**Work instruction:** The expected output is every line of the data exactly as shown, minus the images.

**Data segment:**
* * *

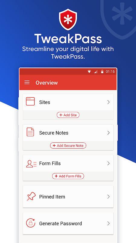 TweakPass, tüm şifrelerinizi ve kişisel bilgilerinizi AES şifreli güvenli bir kasada korur. Yapmanız gereken tek şey TweakPass ana şifresini hatırlamak ve uygulamanın sizin için tüm giriş bilgilerini otomatik olarak doldurmasına izin vermek.
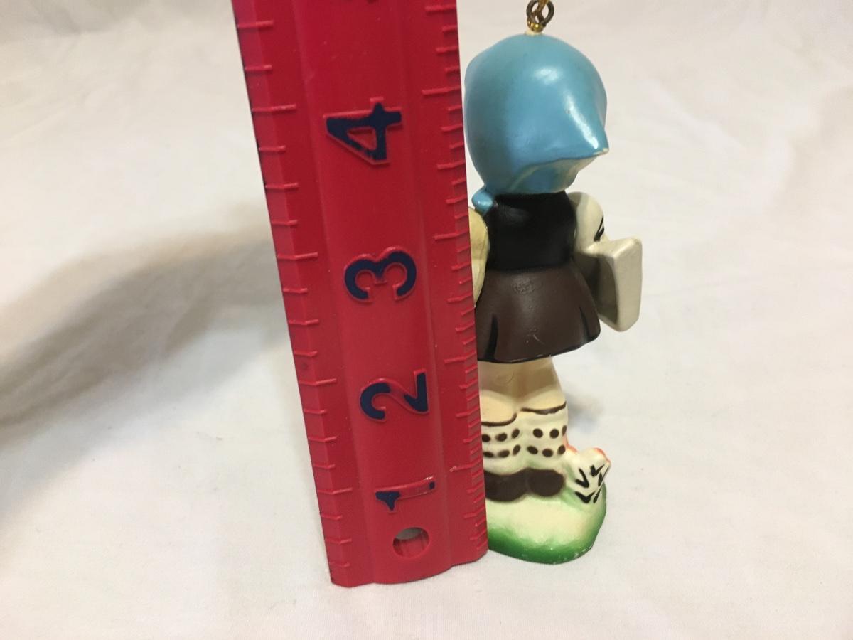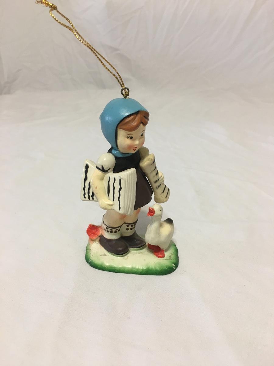 Vintage Plastic Christmas Ornament Girl W/ Goose Hummel Like
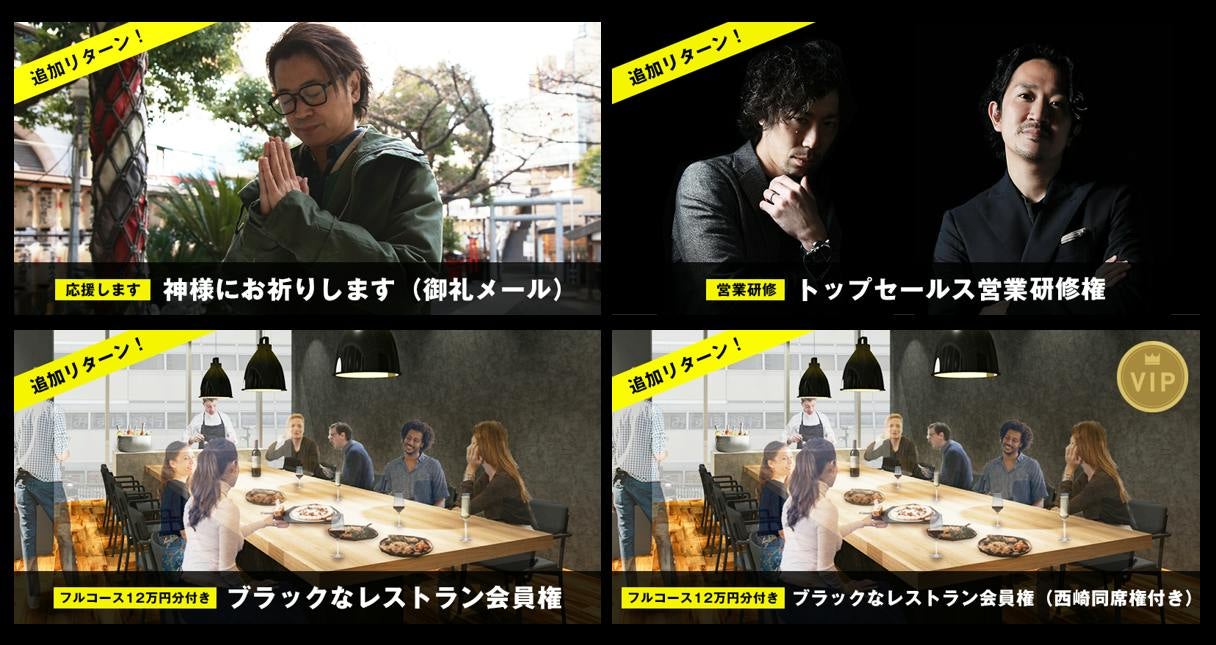 ブラックなレストラン会員権に、西崎同席での会食がセットになったリターンです。

* * *

**The completed task:**
 TweakPass, tüm şifrelerinizi ve kişisel bilgilerinizi AES şifreli güvenli bir kasada korur. Yapmanız gereken tek şey TweakPass ana şifresini hatırlamak ve uygulamanın sizin için tüm giriş bilgilerini otomatik olarak doldurmasına izin vermek.
 Vintage Plastic Christmas Ornament Girl W/ Goose Hummel Like
 ブラックなレストラン会員権に、西崎同席での会食がセットになったリターンです。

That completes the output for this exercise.